>>>
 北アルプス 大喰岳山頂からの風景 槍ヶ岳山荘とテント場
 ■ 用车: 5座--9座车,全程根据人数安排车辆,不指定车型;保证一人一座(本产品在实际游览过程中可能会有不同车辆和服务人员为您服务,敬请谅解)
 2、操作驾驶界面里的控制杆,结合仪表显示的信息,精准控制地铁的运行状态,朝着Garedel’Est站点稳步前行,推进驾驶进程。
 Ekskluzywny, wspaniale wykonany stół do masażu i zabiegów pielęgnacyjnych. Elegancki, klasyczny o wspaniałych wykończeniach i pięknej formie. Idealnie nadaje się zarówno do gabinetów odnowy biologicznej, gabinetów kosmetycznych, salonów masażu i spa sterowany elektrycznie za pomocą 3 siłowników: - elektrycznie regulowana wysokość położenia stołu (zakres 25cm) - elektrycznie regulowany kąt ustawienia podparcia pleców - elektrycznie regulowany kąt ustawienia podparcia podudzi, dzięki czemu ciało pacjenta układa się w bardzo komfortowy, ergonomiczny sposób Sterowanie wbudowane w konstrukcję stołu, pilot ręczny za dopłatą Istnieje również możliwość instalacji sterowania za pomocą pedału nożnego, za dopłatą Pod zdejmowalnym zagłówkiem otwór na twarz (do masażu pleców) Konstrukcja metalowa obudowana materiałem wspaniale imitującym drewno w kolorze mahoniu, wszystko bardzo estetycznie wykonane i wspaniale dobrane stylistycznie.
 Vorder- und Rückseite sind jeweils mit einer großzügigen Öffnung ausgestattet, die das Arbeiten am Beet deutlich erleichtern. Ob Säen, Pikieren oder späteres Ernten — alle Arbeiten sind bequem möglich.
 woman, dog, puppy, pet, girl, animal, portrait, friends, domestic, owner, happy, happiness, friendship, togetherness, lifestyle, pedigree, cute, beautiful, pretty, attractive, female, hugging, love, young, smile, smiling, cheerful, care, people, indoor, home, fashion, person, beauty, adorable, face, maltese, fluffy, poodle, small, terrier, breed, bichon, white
<<<
>>>
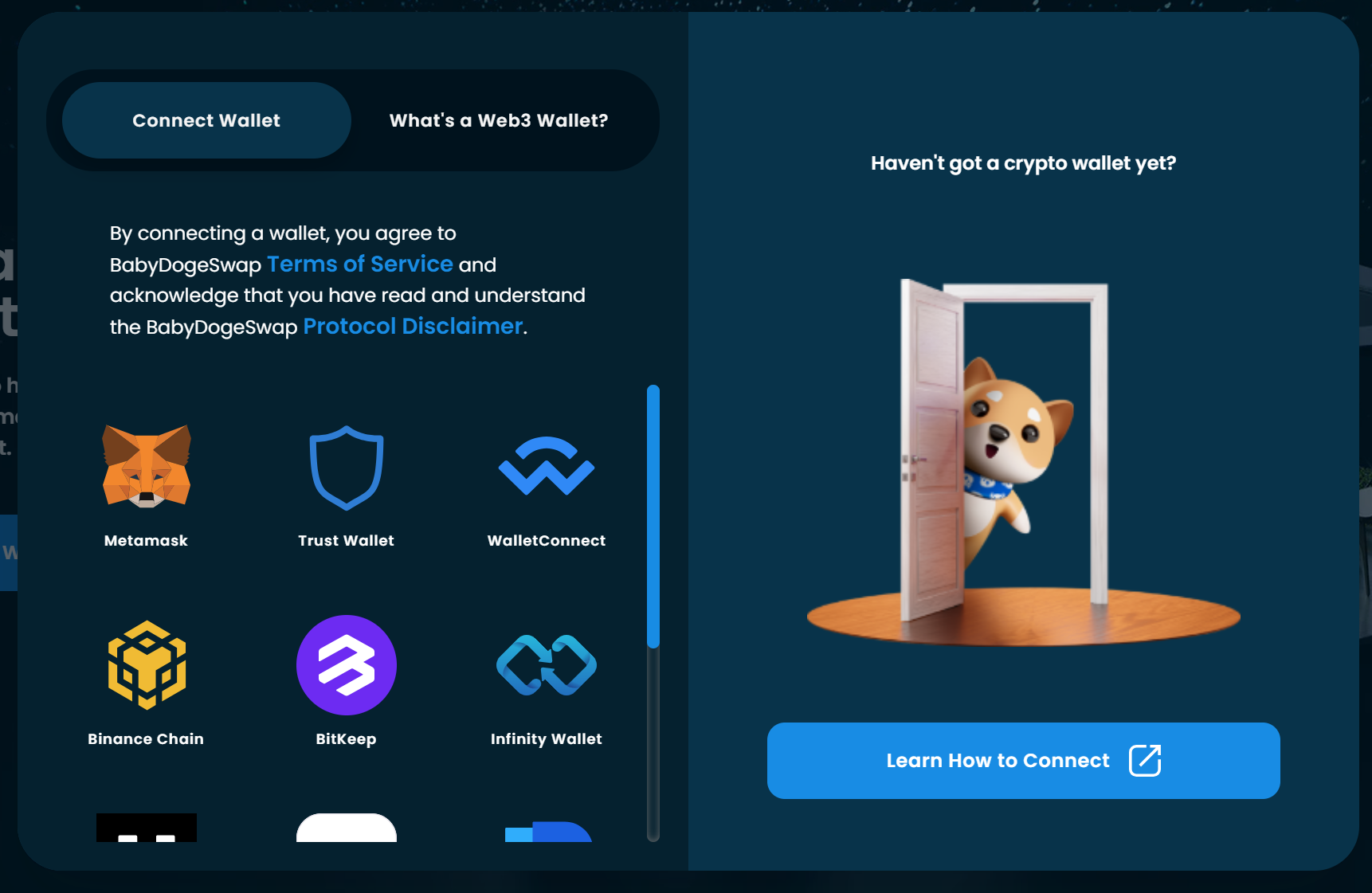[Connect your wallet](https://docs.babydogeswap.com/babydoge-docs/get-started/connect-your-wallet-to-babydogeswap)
<<<
## WHAT YOU HAVE TO DO
Please give back exactly the lines of the listing above that run from the one containing "北アルプス 大喰岳山頂からの風景 槍ヶ岳山荘とテント場" through the one containing "2、操作驾驶界面里的控制杆,结合仪表显示", and only those.

## ANSWER TO THIS EXERCISE
 北アルプス 大喰岳山頂からの風景 槍ヶ岳山荘とテント場
 ■ 用车: 5座--9座车,全程根据人数安排车辆,不指定车型;保证一人一座(本产品在实际游览过程中可能会有不同车辆和服务人员为您服务,敬请谅解)
 2、操作驾驶界面里的控制杆,结合仪表显示的信息,精准控制地铁的运行状态,朝着Garedel’Est站点稳步前行,推进驾驶进程。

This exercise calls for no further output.